Mas, nestes confins terceiro-mundistas, isso nem mesmo é notícia: a demagogia faz parte da paisagem. O que preocupa é que esse vírus já está fazendo das suas em países que, em tese, são muito maduros por sua cultura, confiáveis por suas instituições e sólidos por sua história.
Vimos isso acontecer no Reino Unido, com o Brexit, e nos Estados Unidos, com a vitória de Donald Trump. Em ambos os casos, a confusão foi a norma, e a sensatez, a grande ausência. E tudo graças à demagogia que, como bem se sabe, nutre-se da insatisfação popular e da debilidade do establishment, que menospreza o alcance desse discurso daninho.
Às portas das eleições na Alemanha, causa satisfação ver que os candidatos mais bem colocados nas pesquisas não caíram no jogo fácil de adular o eleitorado numa época em que temas como nacionalismo ou imigração são grandes puxadores de votos, como se viu na campanha eleitoral dos Estados Unidos com a polêmica proposta do republicano de construir um muro na fronteira sul do país para barrar a entrada de mexicanos.

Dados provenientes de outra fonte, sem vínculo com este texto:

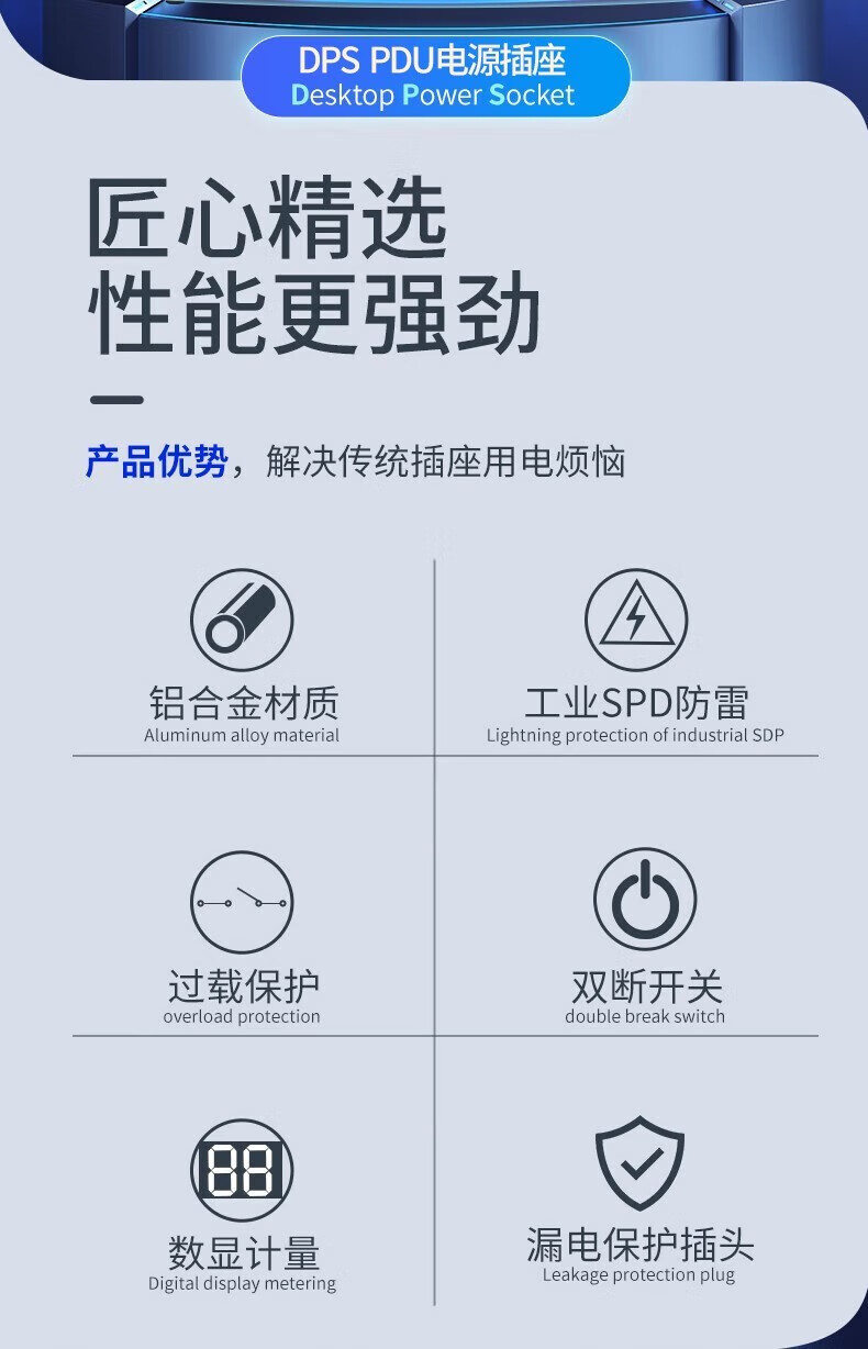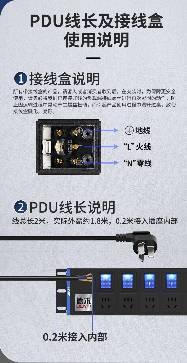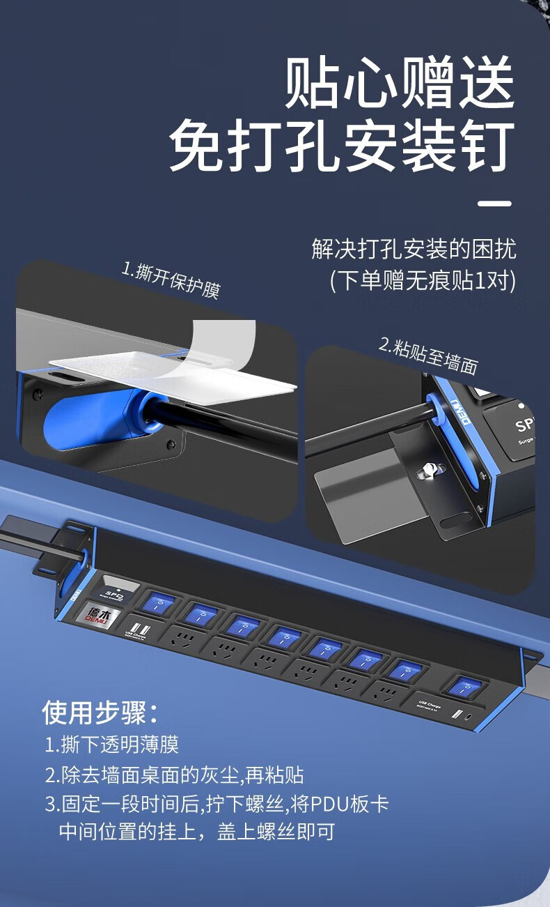 德木(DEMU)pdu插排桌面插排电竞插座防雷分控排插USB独立开关机柜插排免打孔安装 分控 10插位 1.5平2米线
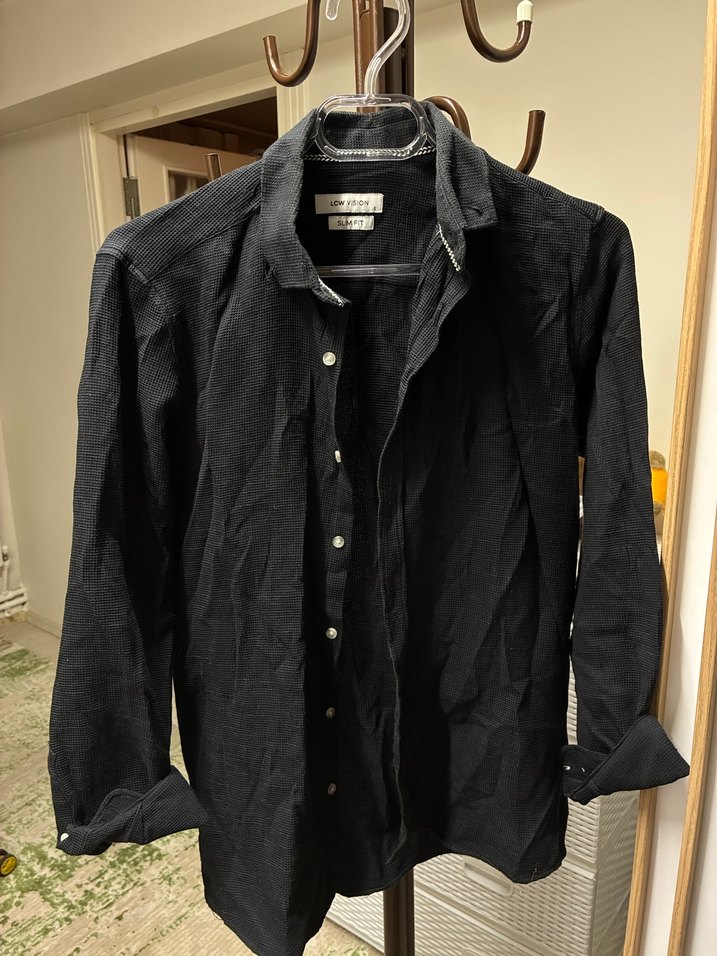 Slim fit Siyah gömlek, düğmeli ve notched lapel yakaya sahiptir. Uzun kollu, normal midi boy. Rahat sokak stili için uygundur.
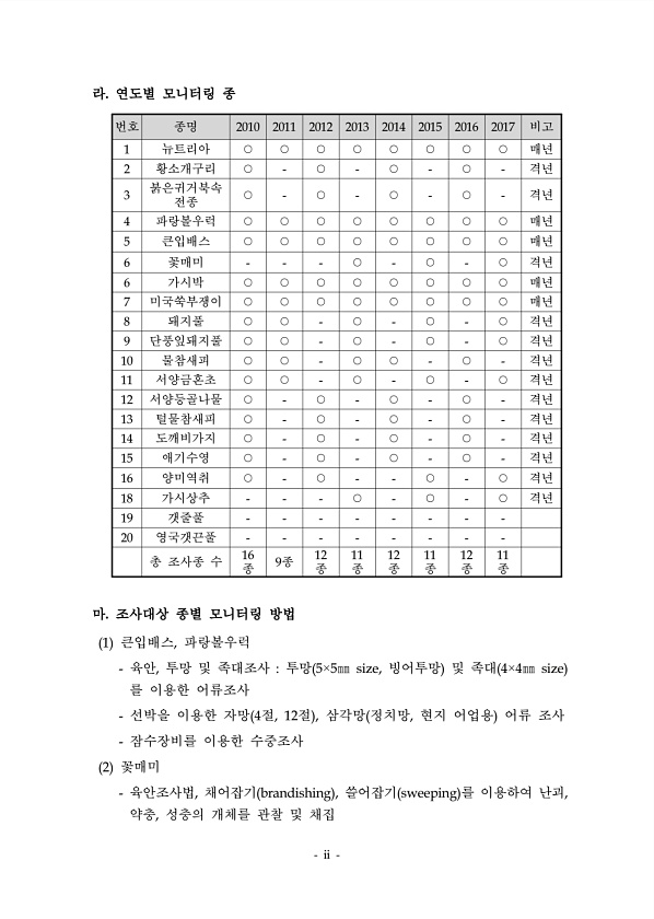 ii 라. 연도별 모니터링 종 번호 종명 2010 2011 2012 2013 2014 2015 2016 2017 비고 1 뉴트리아 ○ ○ ○ ○ ○ ○ ○ ○ 매년 2 황소개구리 ○ ○ ○ ○ 격년 3 붉은귀거북속 전종 ○ ○ ○ ○ 격년 4 파랑볼우럭 ○ ○ ○ ○ ○ ○ ○ ○ 매년 5 큰입배스 ○ ○ ○ ○ ○ ○ ○ ○ 매년 6 꽃매미 ○ ○ ○ 격년 6 가시박 ○ ○ ○ ○ ○ ○ ○ ○ 매년 7 미국쑥부쟁이 ○ ○ ○ ○ ○ ○ ○ ○ 매년 8 돼지풀 ○ ○ ○ ○ ○ 격년 9 단풍잎돼지풀 ○ ○ ○ ○ ○ 격년 10 물참새피 ○ ○ ○ ○ ○ 격년 11 서양금혼초 ○ ○ ○ ○ ○ 격년 12 서양등골나물 ○ ○ ○ ○ 격년 13 털물참새피 ○ ○ ○ ○ 격년 14 도깨비가지 ○ ○ ○ ○ 격년 ...

E, depois do susto na França, onde a ultradireitista Marine Le Pen quase ganhou a presidência nas eleições de junho passado, a disputa entre Angela Merkel e Martin Schulz gera um pouco de tranquilidade. E mesmo que a atual chanceler federal esteja a ponto de obter seu quarto mandato consecutivo, se – por essa volatilidade que invadiu a política – o vencedor for o ex-presidente do Parlamento Europeu, ninguém vai ficar de cabelo em pé.
Em tempos em que a conduta errática de Trump se desvela a meio mundo, não deixa de ser uma boa notícia saber que a primeira potência da Europa seguirá nas mãos de "um adulto responsável", coisa que não se pode dizer sobre os Estados Unidos.
Apesar de sua pinta de professora secundarista e sua voz de pastora, a senhora Merkel construiu uma imagem de mulher firme, que não hesita na hora de tomar medidas controversas, como abrir as fronteiras a milhões de imigrantes que, desde 2015, estão chegando a seu país em busca de refúgio. Mesmo que há dois anos isso parecesse uma decisão suicida, pode-se dizer hoje que seus compatriotas continuam confiando nela, a julgar pela vantagem que as pesquisas eleitorais lhe dão. Ao fim e ao cabo, 12 anos de desgaste também são 12 anos de experiência.
E, fora de suas fronteiras, o mundo a respeita como estadista, graças à sua moderação e por ter demonstrado que é a única líder da Europa capaz de fazer frente a Trump. Sem complexos. Alguém, afinal, tem que fazer o trabalho sujo.